05. Video Generation

What This Chapter Covers

AI video generation is a technology that takes text, images, or existing video as input and creates new videos. While image generation produces a single still picture, video generation creates dozens to hundreds of consecutive frames while maintaining temporal consistency.

In this chapter, you will learn:

The five types of AI video generation (T2V, I2V, FLF2V, V2V)
The basic structure of the video pipeline and how it differs from the image pipeline
A model selection guide based on your purpose and environment

Video Generation Types

AI video generation is divided into several types based on the kind of input data.

For video models, we use the most representative Wan 2.2 model as the standard.

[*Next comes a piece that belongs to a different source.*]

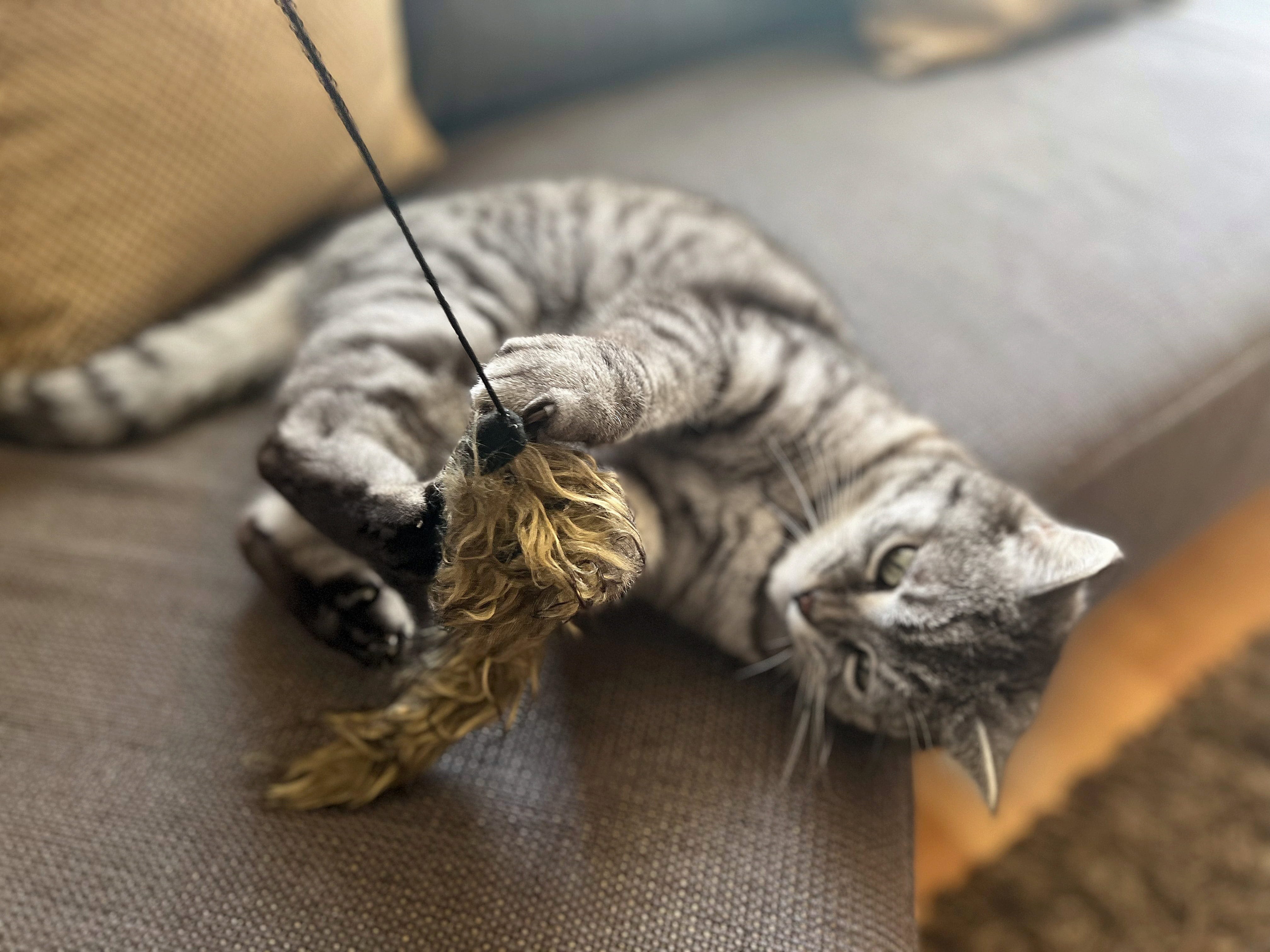 • Robuste Katzenangel mit Wuschel-Frettchen

Wan 2.2 14B - Text to Video

Generates video from text prompts alone. When you describe a scene like “A cat walking through a garden,” the AI creates a moving video.

T2V Workflow

Offers the highest degree of freedom, but it can be difficult to precisely control the desired result
Most video models support T2V as a baseline

Wan 2.2 14B - Image to Video

Takes a single still image as input and generates a video where that image comes to life. You can create effects like a person in a photo walking or wind blowing through a landscape.

I2V Workflow

Provides high consistency since the starting frame can be precisely maintained

Wan 2.2 14B - First-Last Frame to Video

Given two images — a start image and an end image — it generates a video that naturally transitions between them.

FLF2V Workflow

Allows precise control of both the start and end, making it ideal for storyboard-based work

Which Model Should You Choose?

Recommendations by Purpose

Purpose	Recommended Model	Reason
Getting started	Wan 2.1 T2V (1.3B)	Lightweight and fast, suitable for understanding the basic pipeline
General high quality	Wan 2.2 14B (Turbo)	Fast with 4-step turbo while maintaining 14B model quality
Image to Video	Wan 2.2 I2V	Stable I2V output
Video control (V2V)	Wan 2.2 Fun Control	Canny-based motion control, style conversion
First/last frame control	Wan 2.2 FLF2V	Precisely specify the start and end

Recommendations by Environment

VRAM	Recommended Model	Notes
8~12GB	Wan 2.1 T2V (1.3B)	Lightweight model, lower resolution/frame count
12~16GB	Wan 2.2 5B, Wan 2.1 14B	Mid-range models, leverage fp8 quantization
16~24GB	Wan 2.2 14B (Turbo)	Capable of running most video workflows
24GB+	All models	Can generate at high resolution with many frames

Key Takeaways

Things to Remember

Control level increases in the order of T2V -> I2V -> V2V. If text alone is not enough, use image input; if you need even more precise control, use video input.
Wan 2.2 is a model that supports various video generation types.
Video generation requires significantly more VRAM and time than image generation. Start with low resolution and a small number of frames.